[Opening GIVEN ENTRIES section]

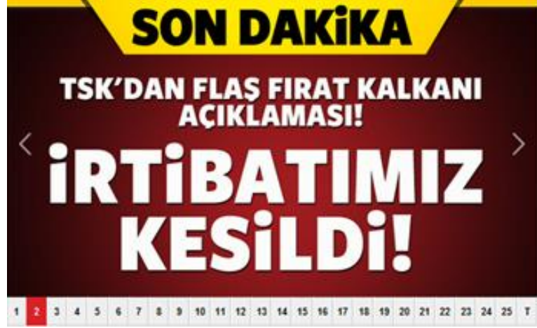
Resim-68 haber7.com, 29.11.2016

Aynı haberin Hürriyet internet sitesindeki başlığında ise, irtibat kesilen 2 askerden açık bir ifade ile bahsedilmektedir. (Bkz. Resim-69)
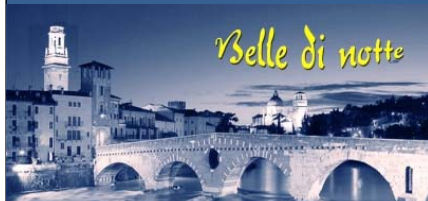
Il fascino delle città nell’atmosfera serale
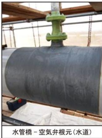
水管橋 - 空気弁根元 (水道)

腐食老朽化した水管橋の配管や、配管を支持する橋梁構造部（吊材、ガセットプレート、格点部、支承部など）の腐食進行を防ぎ、延命化を図る技術です。ウルトラワックステープは、常温固体のマイクロクリスタリンワックス（JIS K 2235 石油ワックス）を主成分としているため、経年による油分流出がほとんどなく、厳しい腐食環境下においても25年以上防食効果が持続します。
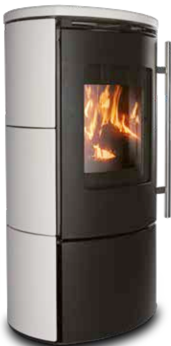
Body zwart met tegel zijde wit
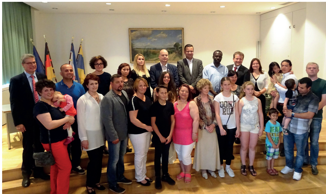
Einbürgerungsfeier im Demmlersaal des Rathauses.

„Die Entscheidung für die deutsche Staatsbürgerschaft ist ein Zeichen gelingender Integration und ein Bekenntnis zu unseren Werten. Wir sind stolz, dass Sie zu uns
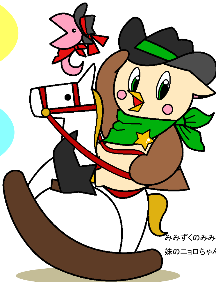
みみずくのみみちゃんと 妹のニヨロちゃん
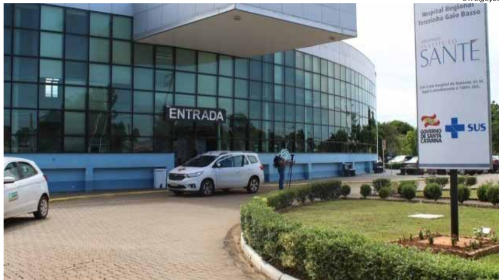
Estado terá que instalar sete leitos de Unidade de Terapia Intensiva Neonatal no Hospital Regional Terezinha Gaio Basso

Na decisão, o Juízo da 1ª Vara Cível da Comarca de São Miguel do Oeste adverte ao Estado que, se deixar de cumprir a sentença, estará incidindo nas penas de litigância de má-fé no caso de deixar injustificadamente de
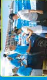
ภาพกิจกรรม CSR ในรั้ว ปวก. ที่จังหวัดบุรีรัมย์ ๒๕๖๓

[Closing GIVEN ENTRIES section]

# PROBLEM DETAILS:
Whenever a picture appears, leave it out, and return every record exactly.

# THE COMPLETED TASK:
Resim-68 haber7.com, 29.11.2016

Aynı haberin Hürriyet internet sitesindeki başlığında ise, irtibat kesilen 2 askerden açık bir ifade ile bahsedilmektedir. (Bkz. Resim-69)
Il fascino delle città nell’atmosfera serale
水管橋 - 空気弁根元 (水道)

腐食老朽化した水管橋の配管や、配管を支持する橋梁構造部（吊材、ガセットプレート、格点部、支承部など）の腐食進行を防ぎ、延命化を図る技術です。ウルトラワックステープは、常温固体のマイクロクリスタリンワックス（JIS K 2235 石油ワックス）を主成分としているため、経年による油分流出がほとんどなく、厳しい腐食環境下においても25年以上防食効果が持続します。
Body zwart met tegel zijde wit
Einbürgerungsfeier im Demmlersaal des Rathauses.

„Die Entscheidung für die deutsche Staatsbürgerschaft ist ein Zeichen gelingender Integration und ein Bekenntnis zu unseren Werten. Wir sind stolz, dass Sie zu uns
みみずくのみみちゃんと 妹のニヨロちゃん
Estado terá que instalar sete leitos de Unidade de Terapia Intensiva Neonatal no Hospital Regional Terezinha Gaio Basso

Na decisão, o Juízo da 1ª Vara Cível da Comarca de São Miguel do Oeste adverte ao Estado que, se deixar de cumprir a sentença, estará incidindo nas penas de litigância de má-fé no caso de deixar injustificadamente de
ภาพกิจกรรม CSR ในรั้ว ปวก. ที่จังหวัดบุรีรัมย์ ๒๕๖๓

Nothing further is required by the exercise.